• **Required action**: The required output is the exact run of lines in the listing below from the line holding "Table rivière sur" through the line holding "Title (ebay affiliate", with no pictures.

• **Data for processing**:
------

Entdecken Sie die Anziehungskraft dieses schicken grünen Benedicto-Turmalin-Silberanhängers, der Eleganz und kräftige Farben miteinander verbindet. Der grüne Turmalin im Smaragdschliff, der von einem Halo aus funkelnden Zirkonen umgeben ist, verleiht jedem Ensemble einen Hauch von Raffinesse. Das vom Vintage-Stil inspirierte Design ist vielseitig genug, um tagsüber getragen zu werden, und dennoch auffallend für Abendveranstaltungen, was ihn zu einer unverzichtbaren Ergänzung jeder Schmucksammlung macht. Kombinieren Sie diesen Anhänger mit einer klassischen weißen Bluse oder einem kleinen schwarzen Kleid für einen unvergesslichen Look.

------

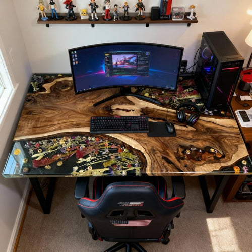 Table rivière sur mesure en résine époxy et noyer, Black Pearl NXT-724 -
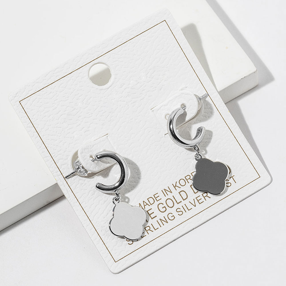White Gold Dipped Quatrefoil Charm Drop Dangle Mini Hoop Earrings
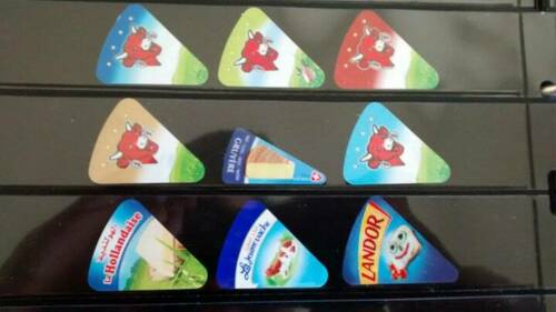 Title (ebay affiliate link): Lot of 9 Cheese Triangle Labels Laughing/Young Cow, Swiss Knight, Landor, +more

------

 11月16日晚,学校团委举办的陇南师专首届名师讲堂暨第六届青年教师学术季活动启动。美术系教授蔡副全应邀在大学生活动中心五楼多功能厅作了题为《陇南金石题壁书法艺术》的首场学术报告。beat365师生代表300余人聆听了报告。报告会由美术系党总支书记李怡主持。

------

• **Answer section**:
 Table rivière sur mesure en résine époxy et noyer, Black Pearl NXT-724 -
White Gold Dipped Quatrefoil Charm Drop Dangle Mini Hoop Earrings
 Title (ebay affiliate link): Lot of 9 Cheese Triangle Labels Laughing/Young Cow, Swiss Knight, Landor, +more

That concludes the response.